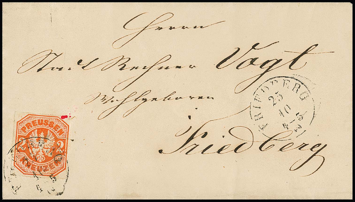 2 Kr. orange (kl. Eckfehler) einzeln auf Ortsbriefchen (selten) mit Taxis-K1 "Friedberg", sign. Kruschel, ex Slg. Erivan Haub
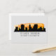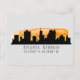 Stylish postcard features Atlanta Georgia city skyline silhouette with sunset watercolor splash and latitude & longitude map coordinates
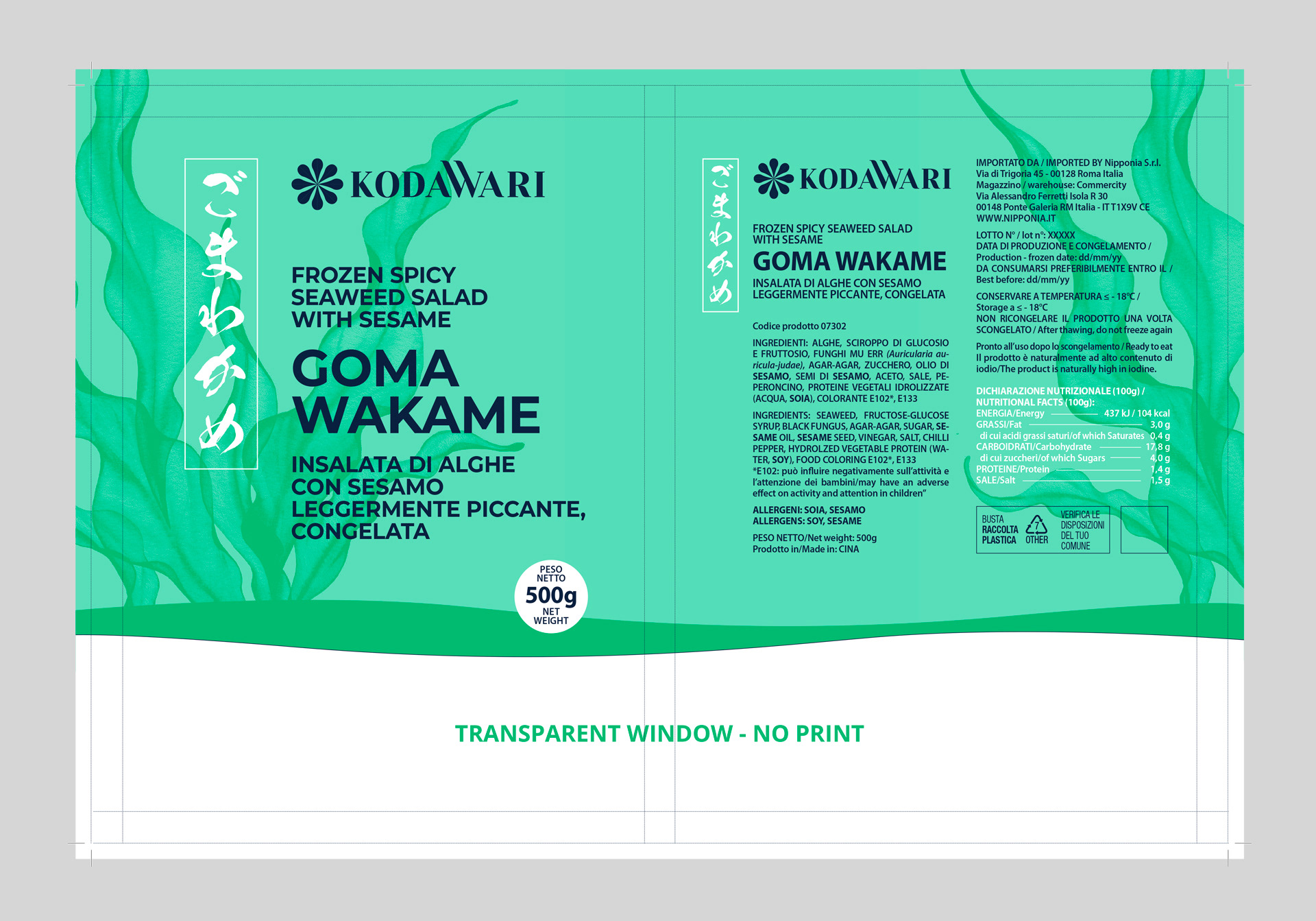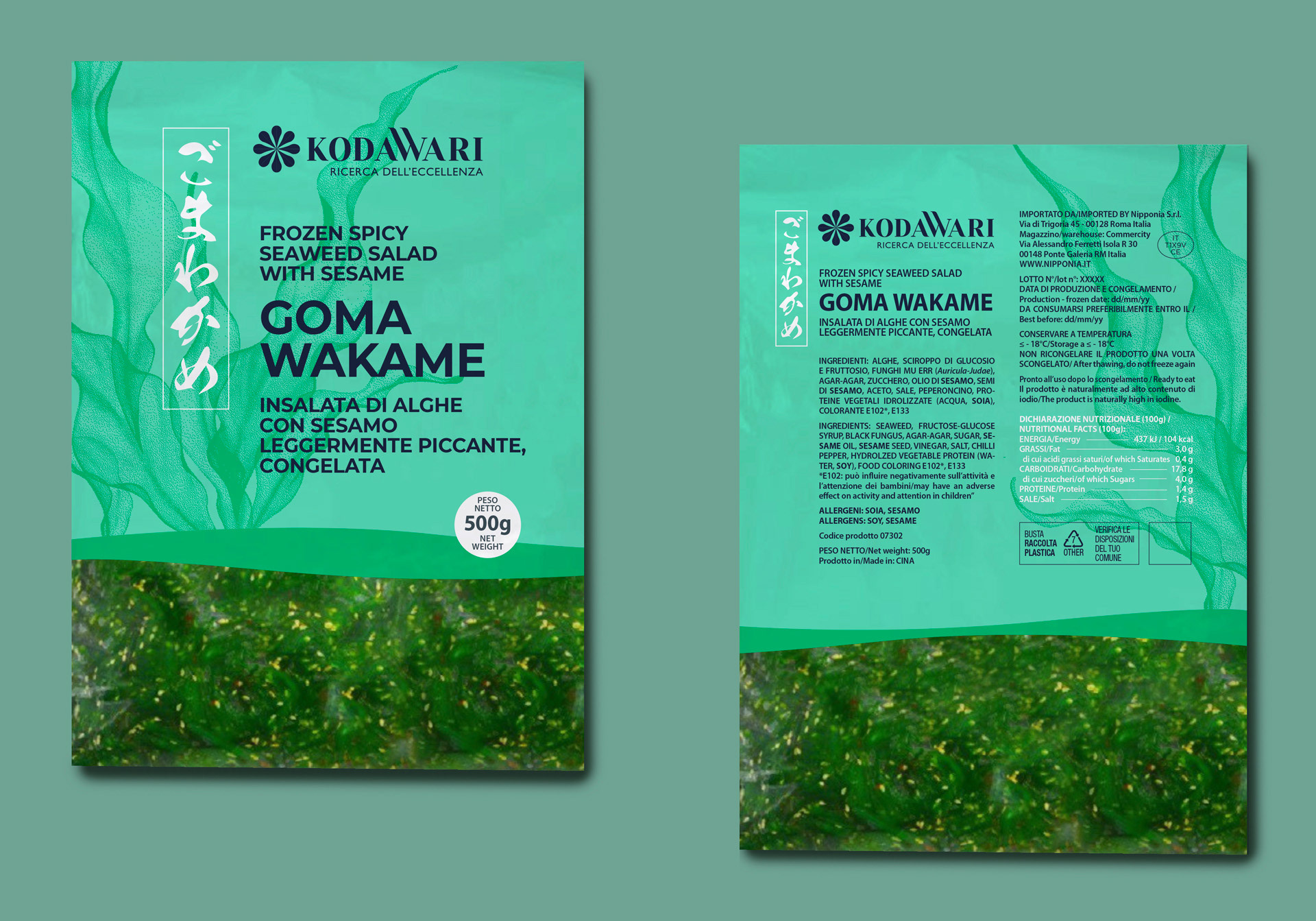 Progetto grafico per la nuova confezione di Goma Wakame a marchio Kodawari, insalate di alghe con sesamo leggermente piccante.
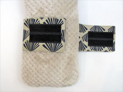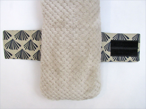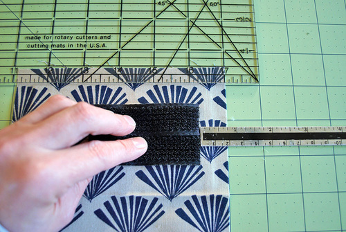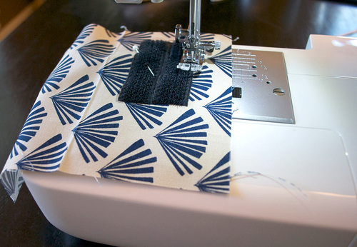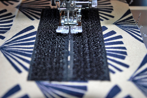 - With the tabs still a flat single layer, stitch the Velcro® in place around all four sides.
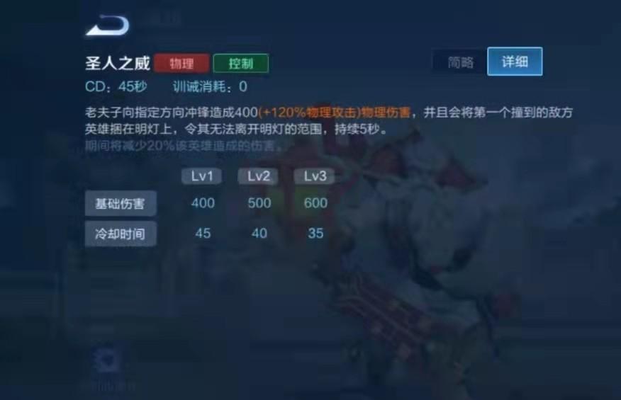 老夫子向指定方向冲锋造成400(+120%物理攻击)物理伤害,并且会将第一个撞的敌方英雄捆在明灯上,令其无法离开明灯的范围,持续5秒。

- _Task description_:
Starting at the line that contains "Progetto grafico per", please write out each line through the last line of the data, both ends included, and keep pictures out of the copy.

- _Answer to this task_:
 Progetto grafico per la nuova confezione di Goma Wakame a marchio Kodawari, insalate di alghe con sesamo leggermente piccante.
 - With the tabs still a flat single layer, stitch the Velcro® in place around all four sides.
 老夫子向指定方向冲锋造成400(+120%物理攻击)物理伤害,并且会将第一个撞的敌方英雄捆在明灯上,令其无法离开明灯的范围,持续5秒。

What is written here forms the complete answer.